De leden van de VVD-fractie zien het goed dat artikel 489 Sv de huidige praktijk van de toewijzing van een raadsman slechts beperkt wijzigt. Het verschil zit in de mogelijkheid van de verdachte om afstand te doen van het recht op deze bijstand. Deze mogelijkheid komt met de implementatie van de richtlijn te vervallen. Ik verduidelijk in dit verband nog graag dat onderscheid kon worden gemaakt tussen consultatiebijstand en afstand van verhoorbijstand. De huidige tekst van artikel 489 Sv houdt in dat de minderjarige verdachte geen afstand kan doen van consultatiebijstand voorafgaand aan het verhoor. Nadat hij over de mogelijke gevolgen van het doen van afstand is voorgelicht, zou hij wel afstand kunnen doen van de verhoorbijstand. Deze uitleg is met de richtlijn niet goed verenigbaar. In de richtlijn heeft de rechtsbijstand een verplicht karakter. Hieraan ligt als gedachte ten grondslag dat de minderjarige door de beperkte leeftijd en ontwikkeling de draagwijdte van het handelen niet goed kan overzien en meer in bijzonder ook niet adequaat de mogelijke gevolgen van het doen van afstand kan beoordelen.

Artikel 494, eerste lid, Sv

Graag voorzie ik in de door de leden van de VVD-fractie gevraagde nadere toelichting op het voorgestelde artikel 494, eerste lid, Sv. Dit houdt in dat de officier van justitie inlichtingen inwint van de Raad voor de Kinderbescherming over de persoonlijkheid van de verdachte. Met dit eerste lid is als uitgangspunt verwoord dat een onderzoek naar de persoon van de minderjarige verdachte en de omstandigheden waaronder deze opgroeit, in beginsel altijd is aangewezen. De Raad voor de Kinderbescherming beoordeelt het verzoek om inlichtingen aan de hand van de vaste, landelijk uniforme criteria die rond de toepassing van het Landelijk instrumentarium Jeugdstrafrechtketen (LIJ) met ketenpartners zijn afgesproken. Zoals ik hiervoor in antwoord op de vragen van de SP-fractie heb toegelicht, is het LIJ een risicotaxatie-instrument bij de toepassing waarvan niet enkel de zwaarte van een strafbaar feit beslissend is. Een licht feit met een laag recidiverisico zal de Raad kunnen doen besluiten om af te zien van een onderzoek terwijl een licht feit in combinatie met een midden of hoog recidiverisico wel zal leiden tot een raadsonderzoek omdat de kans dan groter is dat er sprake is van achterliggende problematiek. In het wetsvoorstel wordt overigens ook op andere wijzen onderkend dat niet in alle gevallen zinvolle informatie over de verdachte is te verschaffen. Zo kan van opstellen van een advies door de raad worden afgezien indien over de verdachte in de periode van een jaar voorafgaand aan de inverzekeringstelling al een advies is opgesteld (494a, derde lid, Sv).
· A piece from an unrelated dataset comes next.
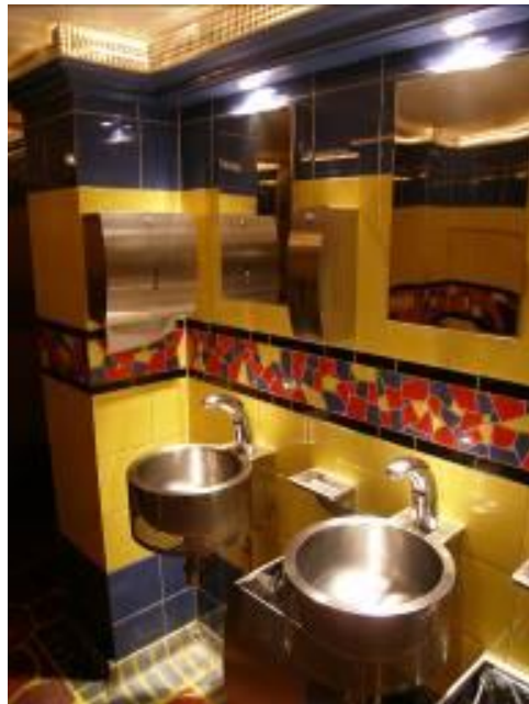
De toiletten in het Palce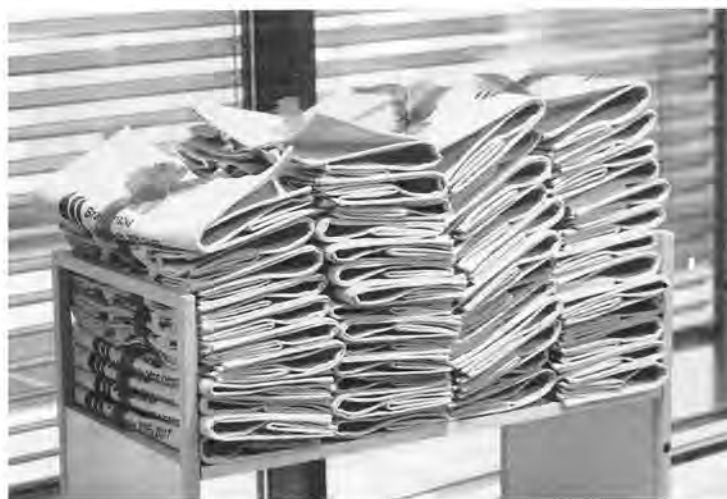
Slika 1: Darilne vrečke ob zaključku bralne značke v sezoni 2016/2017

Voor wat betreft de inhoud van het advies schrijven de richtlijn en het implementatievoorstel voor dat van specifieke kwetsbaarheden melding wordt gemaakt wanneer daarvan blijkt (494a, tweede lid, Sv). Dit heeft niet de vorm van een persoonlijkheidsonderzoek, zo beantwoord ik de vraag daarnaar van deze leden. Ook een persoonlijkheidsonderzoek kan worden aangemerkt als een vorm van «individuele beoordeling» zoals de richtlijn haar voorschrijft maar wordt vooral afgenomen wanneer zwaardere vrijheidsbenemende of vrijheidsbeperkende maatregelen worden overwogen. In die gevallen vloeit de verplichting tot het afnemen van een persoonlijkheidsonderzoek die ook een multidisciplinair karakter kan hebben, voort uit de wettelijke voorwaarden voor het opleggen van die maatregel.
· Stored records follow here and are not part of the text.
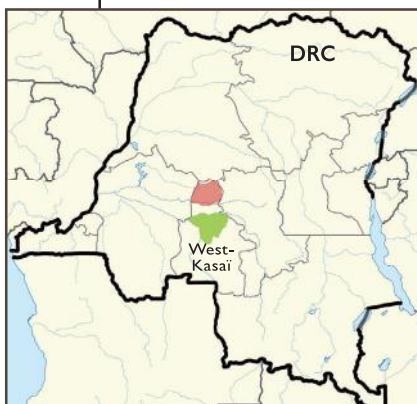
Boven: De Ndengese (rose) en de Kuba (groen) leven in het noorden van de provincie West-Kasaï in de DRC.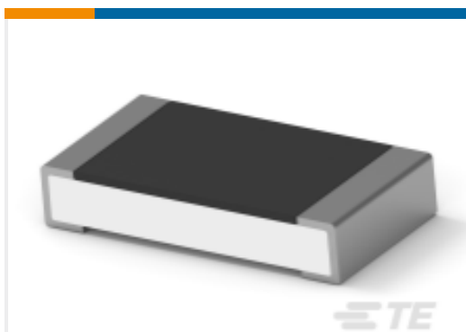
TE 产品编号4-2176391-7 RQ 1206 37K4 0.1% 10PPM 5K RL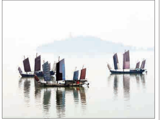
دریاچه تایهو، چین - قایق‌های ماهیگیری در مه صبح دم استراحت می‌کنند.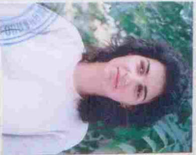
(Фигура на презентация)

De leden van de VVD-fractie zien het daarmee juist dat in beginsel de Raad voor de Kinderbescherming advies uitbrengt over minderjarigen waartegen vervolging wordt ingesteld vanwege een misdrijf. Ik hecht eraan te benadrukken dat dit ook in de huidige regeling en praktijk reeds het geval is. Hiermee worden zo geen nieuwe taken of verantwoordelijkheden voor de Raad voor de Kinderbescherming in het leven geroepen. Wel biedt de nieuwe formulering die is gekozen naar aanleiding van de advisering over het wetsvoorstel de wettelijke ruimte om in het bijzonder ook in leerplichtzaken de Raad van de Kinderbescherming om advies te vragen. Dit omdat juist de overtredingen van de Leerplichtwet als een voorspeller van later crimineel gedrag worden beschouwd. Vroegtijdig ingrijpen is dan van belang.